- Born: November 1, 1914 Kofu, Yamanashi, Japan
- Died: August 19, 1985 (aged 70) Kamakura, Kanagawa, Japan
- Occupation: poet
- Writing career
- Genre: tanka poetry

= Hōdai Yamazaki =

Japanese writer

Hōdai Yamazaki (山崎方代, Yamazaki Hōdai) was a Japanese tanka poet active in Shōwa era Japan. His verses are characterized by the skillful use of colloquial language.

==Early life==
Hōdai was born in Kōfu city in Yamanashi Prefecture. He was interested in literature from childhood, and began writing tanka and short stories for newspapers and magazines just after completing elementary school. In 1939, he moved to Yokohama. While living with his sister, he published (at his own expense) a mimeographed version his first poetry anthology Banshō kuriawase ("At All Cost").

Hōdai was conscripted into the Imperial Japanese Army in 1941 and, in 1943, was blinded in his right eye during combat; his left eye was also badly affected.

==Literary career==
After the end of World War II, he resumed his creative activities, financing the publication of a tanka collection, Hōdai, in 1955. The work drew the attention of famed poet Yoshino Hideo, who took Hōdai in as his disciple. In 1971, he joined Okabe Keiichiro and others in bringing out the literary magazine Kanshō ("Temperate").

His other works include the anthologies Ubaguchi, Korogi and Kashō, and a collection of essays, Aojiso no hana (Shiso flower). He died in 1985 at the age of 70. A society in his honor was founded after his death and it continues to publish a magazine devoted to the study of his works.

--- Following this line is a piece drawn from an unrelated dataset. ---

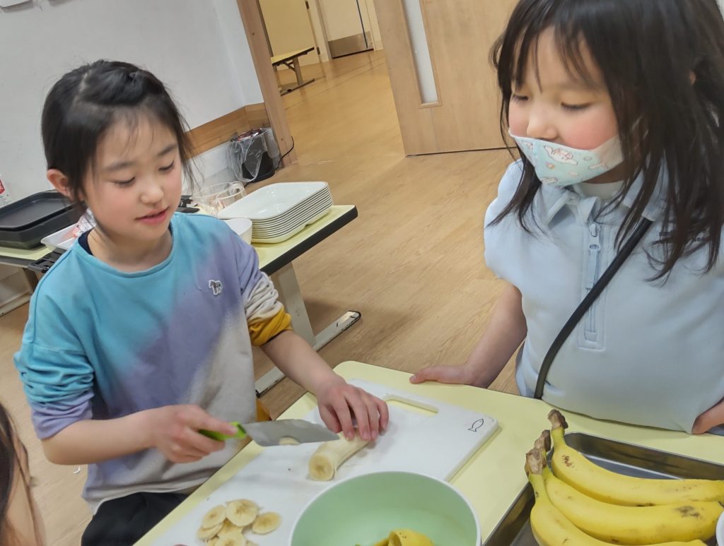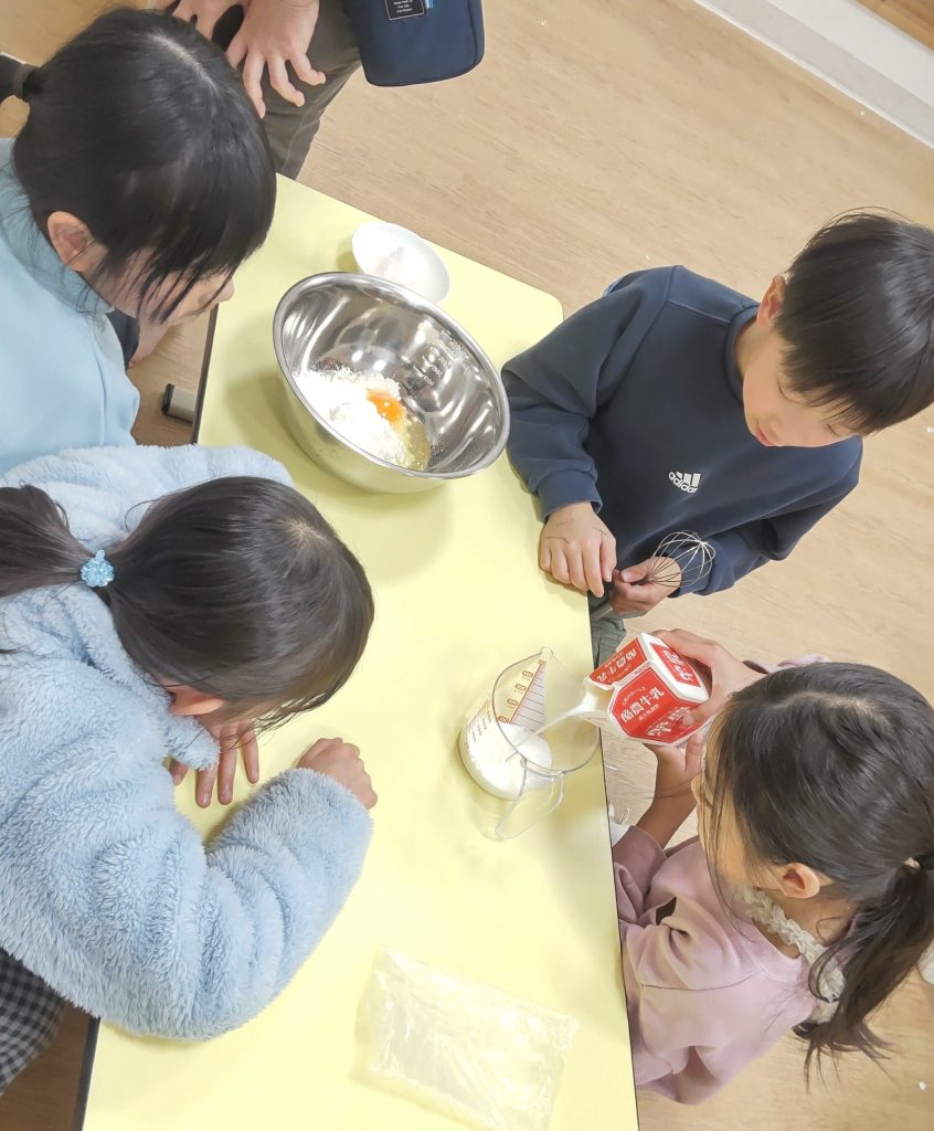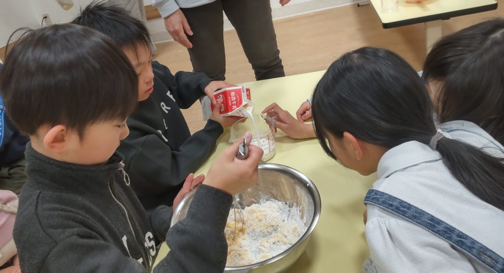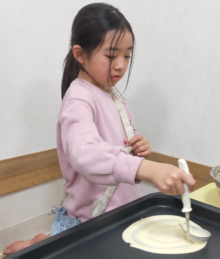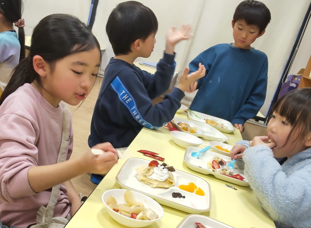 クレープ作りでは、ホットケーキミックス粉を使ってクレープ生地を作ります。ホットケーキよりは牛乳の分量を多くして、生地が薄く焼けるように調整します。牛乳を量り卵を割り入れ生地をよく混ぜます。ホットプレートの上に生地をのせて丸く薄く広げていきます。ジブンの生地が上手く焼けるか、ミンナドキドキしながら焼いたり、ひっくり返したりしました。生地が焼けて冷めた状態になったらお待ちかねのトッピングの時間です⏰ジブンで切った🍌や🍓・🍑・🍊を生クリームの上に思い思いにのせて生地で包み、更に生クリームを塗りチョコや果物を存分にトッピングしました🤗ミンナでいただきますをして、一口食べて『おいしい💛』の声が続出でしたよ✨

Hōdai lived in Kamakura, Kanagawa prefecture from 1972 until his death, staying in a 4.5 tatami mat room lent to him by a friend, the proprietor of a local Chinese restaurant. His grave is in his home town of Kōfu, Yamanashi, but a memorial stone dedicated to Hōdai is located in the grounds of the temple of Zuisen-ji in Kamakura.